EXERCISE AIM: Of all the lines in the entries below, give again exactly those starting at the line containing "2、接著選擇醬料,根據(jù" and ending at the line containing "Let’s make this", both ends included, and no others.

DATA FOR PROCESSING:

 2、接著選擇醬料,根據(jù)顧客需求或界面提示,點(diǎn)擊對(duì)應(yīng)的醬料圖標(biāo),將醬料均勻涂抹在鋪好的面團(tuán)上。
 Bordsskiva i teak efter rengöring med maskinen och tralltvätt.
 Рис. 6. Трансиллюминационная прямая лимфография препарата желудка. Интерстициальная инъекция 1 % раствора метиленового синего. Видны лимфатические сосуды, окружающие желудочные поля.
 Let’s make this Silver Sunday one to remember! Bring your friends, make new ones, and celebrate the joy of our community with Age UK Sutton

--

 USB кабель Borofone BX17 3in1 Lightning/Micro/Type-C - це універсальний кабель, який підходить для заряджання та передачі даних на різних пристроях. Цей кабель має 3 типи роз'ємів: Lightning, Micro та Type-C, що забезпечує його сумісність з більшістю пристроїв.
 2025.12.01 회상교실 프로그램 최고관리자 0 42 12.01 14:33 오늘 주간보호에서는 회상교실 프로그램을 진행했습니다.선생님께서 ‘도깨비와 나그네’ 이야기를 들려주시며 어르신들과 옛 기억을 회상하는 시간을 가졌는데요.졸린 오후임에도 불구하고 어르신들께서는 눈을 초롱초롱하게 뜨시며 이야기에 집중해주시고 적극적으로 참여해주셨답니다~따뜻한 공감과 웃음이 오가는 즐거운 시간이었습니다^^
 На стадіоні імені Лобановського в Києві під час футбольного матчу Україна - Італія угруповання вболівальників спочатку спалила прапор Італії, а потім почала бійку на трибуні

SOLVED EXERCISE:
 2、接著選擇醬料,根據(jù)顧客需求或界面提示,點(diǎn)擊對(duì)應(yīng)的醬料圖標(biāo),將醬料均勻涂抹在鋪好的面團(tuán)上。
 Bordsskiva i teak efter rengöring med maskinen och tralltvätt.
 Рис. 6. Трансиллюминационная прямая лимфография препарата желудка. Интерстициальная инъекция 1 % раствора метиленового синего. Видны лимфатические сосуды, окружающие желудочные поля.
 Let’s make this Silver Sunday one to remember! Bring your friends, make new ones, and celebrate the joy of our community with Age UK Sutton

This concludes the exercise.